Here is a quick video of a rack I built recently for my workshop for all my off cuts. I didn't get video footage of it but I painted it with hard wax oil. 

Please feel free to like, comment and share it. 



https://m.facebook.com/dohertycarpentryandconstruction/?ref=bookmarks


----------



## Stanleymonkey (12 Nov 2020)

Didn't understand why you you were getting rid of that massive rack - but this holds so much more. Great job


----------



## Doug71 (12 Nov 2020)

Nice job and nice work space. 

I'm looking at doing something similar but on a smaller scale. How deep is it, I'm guessing you will only be using it for part sheets and offcuts not full sheets?


----------



## dohertycarpentry (13 Nov 2020)

Stanleymonkey said:


> Didn't understand why you you were getting rid of that massive rack - but this holds so much more. Great job


I couldn't get any off cuts from the bottom of the pile so I needed a rack I could grab an off cut without struggling to lift up 10+ sheets.
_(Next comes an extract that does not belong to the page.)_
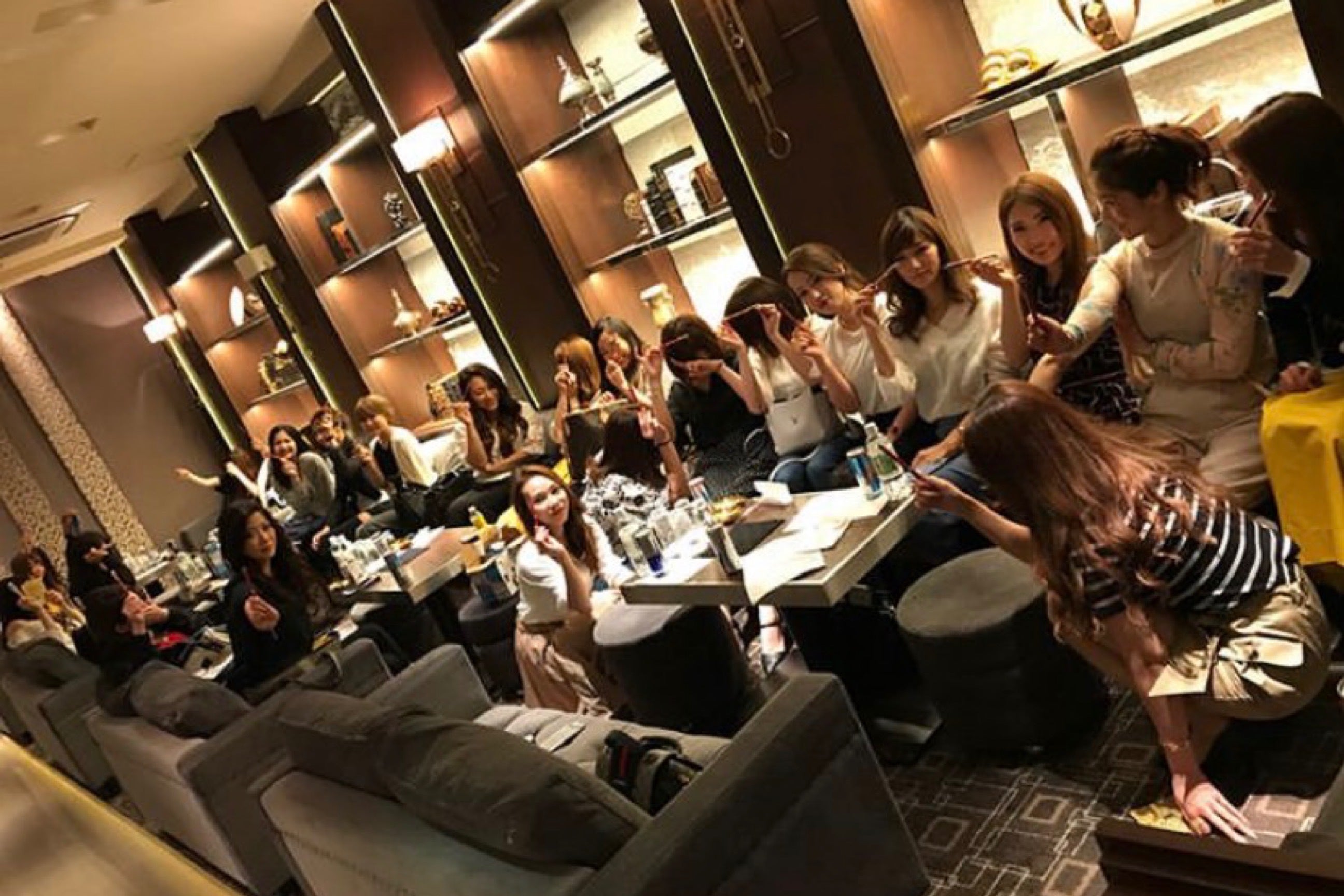 今年でオープン1年のミラノアグループの新店で、会員制のラウンジになります。1階から2階への吹き抜けに渡り廊下、まるでホテルのような内装に、会員制の安心感があります。

I'm starting to build a separate workshop solely for sheets, my panel saw and edgebander and I'll be designating an area for that pallet racking I took down.


----------



## dohertycarpentry (13 Nov 2020)

Doug71 said:


> Nice job and nice work space.
> 
> I'm looking at doing something similar but on a smaller scale. How deep is it, I'm guessing you will only be using it for part sheets and offcuts not full sheets?


I made it 600mm deep and splayed it back to 400mm at the top.

Yes, I will build another one in the future just for 600mm/550mm rips that I use for my wardrobes but for the time being it's housing both. Couldn't recommend it enough.


----------